Texas teacher education gets bad grade

HOUSTON The National Council on Teacher Quality, a nonprofit research and advocacy group in Washington, D.C., has graded each of the 67 college-based teacher training programs in Texas. The council is awaiting responses from more deans -- most of whom have ignored its request -- before publishing the report.

"We don't know for sure, but the preliminary ratings were not good," said Kate Walsh, the council's president.

The education programs were graded largely on their standards for admission, their course requirements, the quality of faculty, and how well they prepare teachers in math and reading.

The study comes amid growing criticism -- notably from U.S. Education Secretary Arne Duncan -- of colleges of education.
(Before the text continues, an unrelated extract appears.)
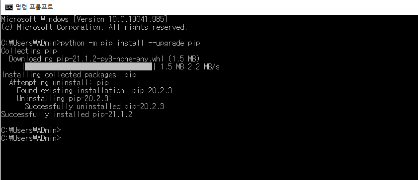 아마 다르게 나올 수 있지만, Successfully installed pip -... version 란을 보시면 설치가 됐다는 걸 알 수 있을 거예요.

Earlier this year, the Texas Legislature mandated a stricter accountability system for all teacher-training programs. For the first time, programs could lose their state accreditation if their graduates aren't effective in the classroom.

Bob Wimpelberg, the dean of the University of Houston's College of Education, called the council's study "flawed."

"We simply reject their report," he said. "Teacher education has been a whipping boy for sometime. And while there are areas for improving, one more national group out to just lay on more criticism -- it concerns us."

Wimpelberg and other education deans -- who make up the Texas Association of Colleges for Teacher Education -- plan to issue a written rebuke to the council.

But at least one dean has shied away from criticizing the council, which issued a draft of its findings to the colleges last month.

"We've taken the opportunity to try to help them make their review more accurate and more valid," said David Chard, dean of Southern Methodist University's School of Education and Human Development. "But we've also realized they could be helpful to us by helping us identify areas of weakness."

The council declined to release its findings about specific schools until the report is finalized.

But Walsh said the initial research shows that the teacher-training programs, on average, lack adequate math instruction for aspiring elementary school teachers, and some colleges water down courses for aspiring high school teachers. She emphasized the findings could change based on additional data provided by the education deans.

The initial ratings are based on the colleges' catalogues, Web sites, class syllabi, textbooks and surveys, according to Walsh.

Michael Rosato, the president of the Texas Association of Colleges for Teacher Education, blasted the study's research methods.

"Obviously, we're very disappointed," said Rosato, the dean of Howard Payne University's School of Education. "The organization was not forthright in their intentions, and it's shocking that an organization of this type would use methods that are not even considered to be best practice."

Rosato said he is bothered the council didn't ask the colleges if they wanted to be included in the study.

Charles Ruch, the interim dean of the College of Education at Texas Tech University, said he is more concerned about meeting state accreditation and voluntary national accreditation standards.

"We meet the state standards and the national standards, and those are pretty rigorous in most cases," he said. "I would guess anybody could study anything."